I have some failures and I am now trying to understand what goes wrong.
Settings: metadata format = 'oai_dc', archive type = 'Generic OAI archive'. I don't know if these are the best ones, as I haven't tried anything else so far. I have used the settings once mentioned in another post.
1) <message>Exception processing getRecord(), oaiUrl=
https://zenodo.org/oai2d, identifier=oai:
zenodo.org:2549479, edu.harvard.iq.dataverse.api.imports.ImportException, Failed to import harvested dataset: class edu.harvard.iq.dataverse.util.json.ControlledVocabularyException (Value 'eng' does not exist in type 'language')</message>
I feel this exception depends on the fact that Zenodo does not control values in the field 'language' and accepts free text. Suggested text is e.g. 'eng'. In fact, if one types 'eng' and has enough time to wait, after a while a drop-down menu appears where one can select "English", but "eng" is also accepted. If the value is selected from the drop-down, then import to Dataverse runs smoothly. So, I think that the only way to avoid this would be to correct metadata in Zenodo before importing into Dataverse (where the 'language' value is controlled). Any other ideas?

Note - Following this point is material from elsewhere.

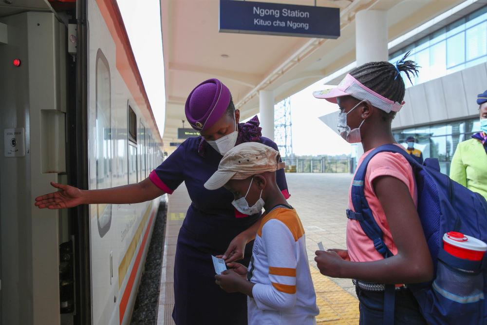 △2022年3月25日,乘客在肯尼亚蒙内铁路恩贡站排队上车。
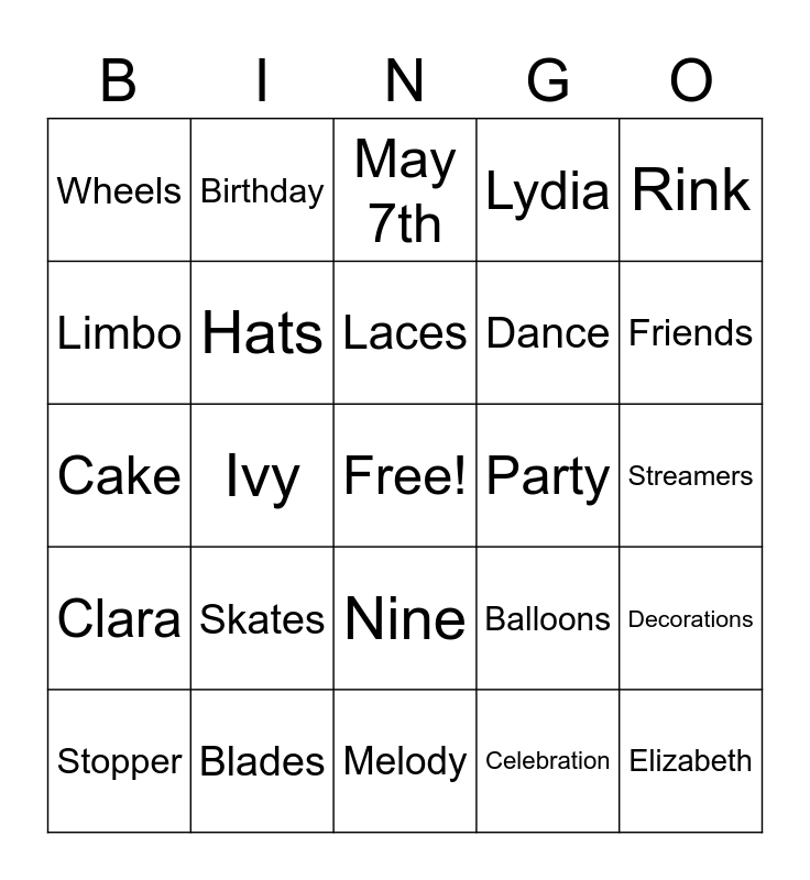 This bingo card has a free space and 24 words: Skates, Blades, Laces, Stopper, Rink, Wheels, Limbo, Birthday, Party, Nine, Dance, Cake, Balloons, Decorations, Hats, Celebration, Streamers, May 7th, Friends, Ivy, Elizabeth, Clara, Lydia and Melody.

2) for some records I got these other two errors:
Error calling GetRecord - GetRecord request failed. HTTP error code 502
Error calling GetRecord - GetRecord request failed. HTTP error code 504
Do you think those could depend on time-out issues? (it seems Zenodo is very slow in replying...)
3) when setting the harvesting client, some times the list of available sets is completely empty, some other times it contains only part of the OAI sets (i.e. Zenodo communities) and in this case a warning is displayed, saying that not all sets have been retrieved due to time-out problems. Do you think that these issues could be solved anyway? e.g. by changing any setting?
Thanks for the help!
Best wishes,
IIT Dataverse (Istituto Italiano di Tecnologia)